*ACTIVITY*: Write out exactly the lines below starting at the one containing "长城皮卡2023年全球销售突破20.2万台 同比劲增8.46%" and ending at the one containing "태진아가 기자회견을 하며 입장을 밝히고 있다.". Omit every picture.

*DATA FOR THIS EXERCISE*:
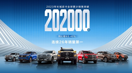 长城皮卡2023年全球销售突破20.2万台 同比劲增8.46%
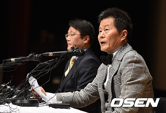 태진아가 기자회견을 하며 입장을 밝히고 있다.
---
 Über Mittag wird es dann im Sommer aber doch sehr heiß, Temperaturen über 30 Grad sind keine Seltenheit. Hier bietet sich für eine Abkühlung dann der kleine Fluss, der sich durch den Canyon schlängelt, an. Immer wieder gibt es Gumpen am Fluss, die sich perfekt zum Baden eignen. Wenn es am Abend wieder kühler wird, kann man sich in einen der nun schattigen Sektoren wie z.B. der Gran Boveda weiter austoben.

*EXERCISE RESULT*:
 长城皮卡2023年全球销售突破20.2万台 同比劲增8.46%
 태진아가 기자회견을 하며 입장을 밝히고 있다.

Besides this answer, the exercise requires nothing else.